Fig.1 (a) Schematic of the Li-ion exchange process for the Na2W4O13 nanosheets. (b) Photographs of the pristine and LixNa2−xW4O13 nanosheets dispersed in DI water with a concentration of 1 mg/mL (inset: demonstration of the Tyndall effect with respect to the dispersion of Li-ion-exchanged nanosheets). (c) Sedimentation curves of the pristine LixNa2−xW4O13 nanosheets dispersed in DI water with an initial concentration of 2 mg/mL. (d) Dependence of the atomic ratio of sodium compared with that of tungsten (black) and zeta potential in DI water (red) of the LixNa2−xW4O13 nanosheets on the Li-ion exchange time. (e) XRD patterns of the pristine LixNa2−xW4O13 nanosheets. (f) TEM image of the LixNa2−xW4O13 nanosheets. (g) HRTEM and SAED images of the LixNa2−xW4O13 nanosheets |
XRD was employed to identify the crystal structure of Na2W4O13 during the Li-ion exchange process (Fig. 1(e)). There is no difference between the XRD patterns of pristine Na2W4O13 and LixNa2−xW4O13, and the diffraction peaks are consistent with those of Na2W4O13 (JCPDS: 21-1167). The morphology of these samples was explored by scanning electron microscopy (SEM) and transmission electron microscopy (TEM). Figures 1(f) and S3 show that LixNa2−xW4O13 retained its original 2D morphology. Moreover, the high-resolution transmission electron microscopy (HRTEM) and selected area electron diffraction (SEAD) images show the regular atomic arrangement and good crystallinity of the LixNa2−xW4O13 nanosheets (Fig. 1(g)). XPS was performed to investigate the oxidized state of the LixNa2−xW4O13 nanosheets. Figure S4 shows the high-resolution XPS spectrum of the W4f peak. The spin-orbit doublets in the spectrum correspond to the W4f 7/2 and W4f 5/2 peaks, which are located at 35.6 and 37.8 eV, respectively, indicating that W is at the highest oxidized state (W6+) [41].

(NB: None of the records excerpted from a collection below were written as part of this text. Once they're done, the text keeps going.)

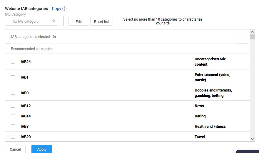 Свою категорию сайта – до 10 пунктов, чтобы показывалась релевантная реклама.
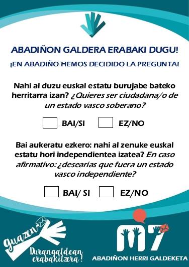 Abadiñoko Gure Esku Dago ekimenak maiatzaren 7an herrian egingo den herri-galdeketan erantzun beharreko galderak erabaki ditu, bi izango baitira herritarrek erantzun beharko dituzten galderak.
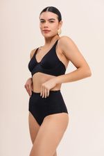 top decote v e alta cobertura com arame e barbatanas laterais que dão sustentação aos seios. alças paralelas com regulagem e fecho traseiro em metal dourado. o detalhe em matelassê da base traz requinte e sofisticação a essa peça.
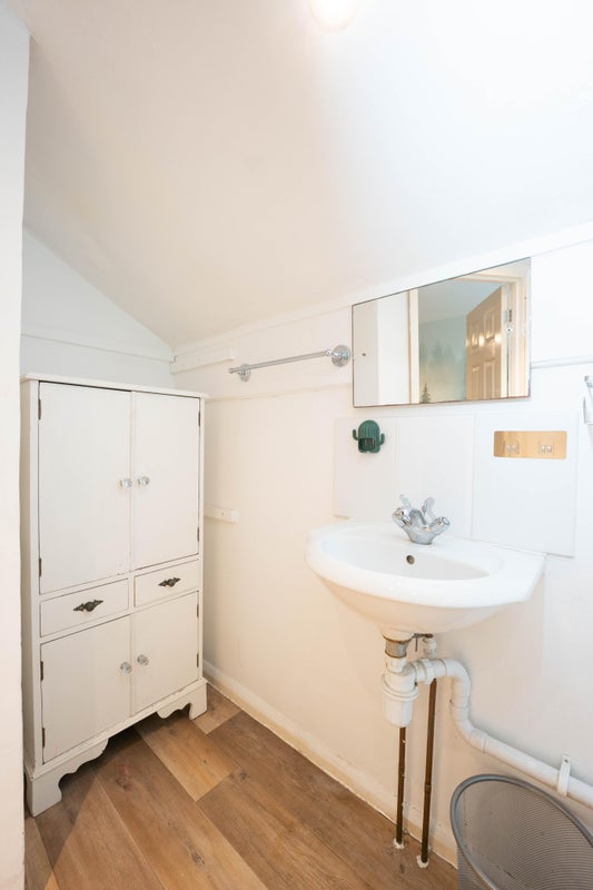 --- En-suite loft double room 6 (second floor): 4.75m x 3.73max (15'7x12'3), cleverly converted loft space with built-in wardrobe with plenty of extra storage. Two large skylight windows makes the room feel extremely bright and spacious. Pine double bed, 6-drawer solid oak chest of drawers from the Habitat Hana range, oak desk and a large swivel love chair, perfect for a lazy afternoon. Has its own bathroom with a bath, WC and sink, directly beneath a bright skylight window. This room is taken.
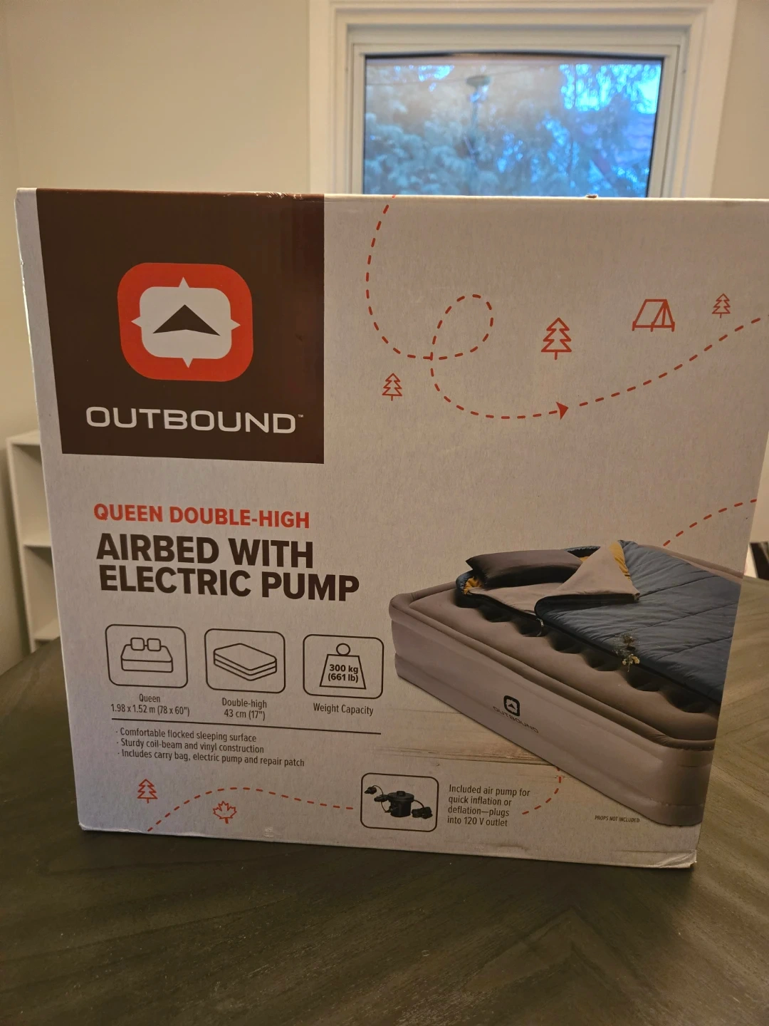 Selling a brand new unopened Outbound Queen Double-High Airbed with Electric Pump.
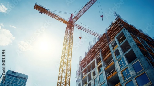 A towering crane stands tall against a backdrop of a modern high-rise under construction.
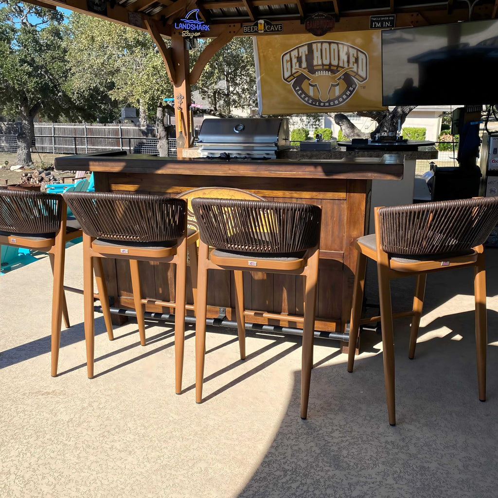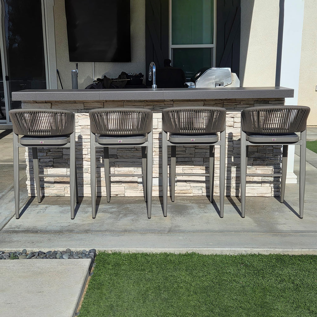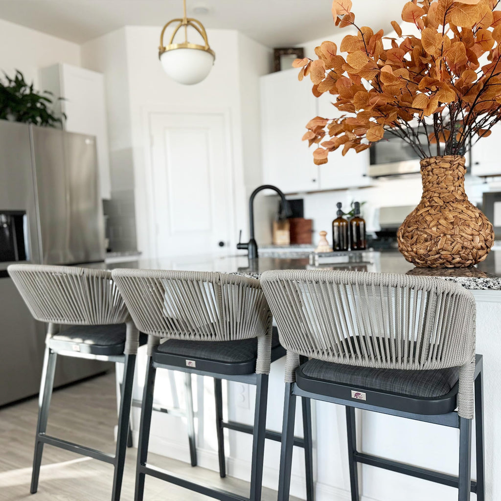 【Modern Style】 Combining a teak-finished aluminum frame with a beautiful rattan weave, this bar stool chair will be an ideal modern accessory for your outdoor space.

3.2 Density functional theory calculations
Density functional theory (DFT) calculations were used to elucidate the improved dispersity of the Li-ion exchanged Na2W4O13 nanosheets in DI water. First, the formation energies of the stable LixNa2−xW4O13 structures were determined using the convex hull method, as implemented in the Clusters Approach to Statistical Mechanics (CASM) [42,43] package (Fig. 2(a)). Specifically, a total of 8688 symmetrically distinct LixNa2−xW4O13 structures were considered in our calculation, among which the formation energies of 175 configurations (denoted as blue solid circles in Fig. 2(a)) were obtained via DFT calculations, whereas those of the remaining 8513 configurations (denoted as black empty circles in Fig. 2(a)) were predicted using the cluster expansion (CE) method. Thus, only one stable Li-ion exchanged structure having a composition of Li1.333Na0.666W4O13 was predicted, as illustrated in Fig. 2(a). However, the lowest formation energies of different Li-ion exchanged LixNa2−xW4O13 configurations at each Li concentration were less than zero, indicating that the exchange of Na ions with Li ions in the Na2W4O13 nanosheets was energetically favorable, as demonstrated experimentally.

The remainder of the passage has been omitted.